I’ll be honest, I gave up on soap operas about ten years ago if not more. Seriously, how many times can you watch this storyline:
Jane loves Dick but Dick loves Emily. Jane gets Dick drunk and Dick passes out in Jane’s bed. Two days later Dick proposes to Emily and at their engagement party Jane rushes in and tells Dick she is pregnant with his baby-they actually never slept together when Dick passed out in Jane’s bed but Dick can’t remember. Emily tells Dick he must marry Jane for the baby’s sake, so Dick regretfully marries Jane. Jane thinks everything is gravy now that she has Dick in her bed and all she has to do now is get pregnant for real to keep him, until then she just fakes pregnant. Dick is still mourning Emily and Emily is still mourning Dick but they must stay away from each other. Now, its three weeks later and Jane is nine months pregnant and has to produce a baby or Dick will be gone forever. Luckily for Jane, Emily’s sister just had a baby six weeks ago. Jane schedules a business trip out of town-Dick begs her not to go since it is so close to her due date-but of course she does. She sneaks into Emily’s’ sister’s home kidnaps her baby and passes it off as her own for six months before anyone realizes that a. the baby was too big to be a newborn b. she never produced a birth certificate c. she claimed to have the baby in the woods delivered by a lumberjack name Paul who never materialized when Dick wanted to thank him for saving his wife and child. Oh, she also said it was a blizzard that day but looking back they realized it was July.

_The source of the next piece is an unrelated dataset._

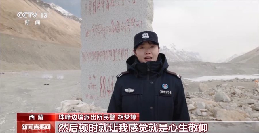 珠峰边境派出所民警 胡梦婷:一次偶然的机会,我看到珠峰边境派出所的民警在珠穆朗玛峰脚下巡逻的报道,顿时就让我心生敬仰,也心驰向往,我退伍之后报名参加了国考,并且主动申请到珠峰边境派出所。

Now, the first time I saw that storyline in 1978 I was all OMG Jane is such a bitch and poor Dick will never get Emily! But around 1988 I got tired of rooting for Dick and Emily because Dick really is just a dick and Emily is a wuss. I’m really mad at Jane, because she is beautiful, smart, and runs her own lingerie company, so why does she not have enough self-esteem to tell Dick to go F himself! Chasing a man who does not love you is so 1967…well mayb so 2011 too but I don’t want to watch it year after year!
But just because I have given up on soaps does not mean I think they should become extinct because I’m actually afraid of what will replace them. Will there be more WHO THE BABY DADDY episodes on Maury? That is scary and I REALLY hope those shows are fake because the idea of Tawanna Jenkins fifth appearance trying to find out who actually fathered her baby is just sad!
Let’s all walk away from the Jerry Springer show. Seriously, do you want to know about the dwarf transsexual confederate flag holding republican who fantasizes about a relationship with his brother?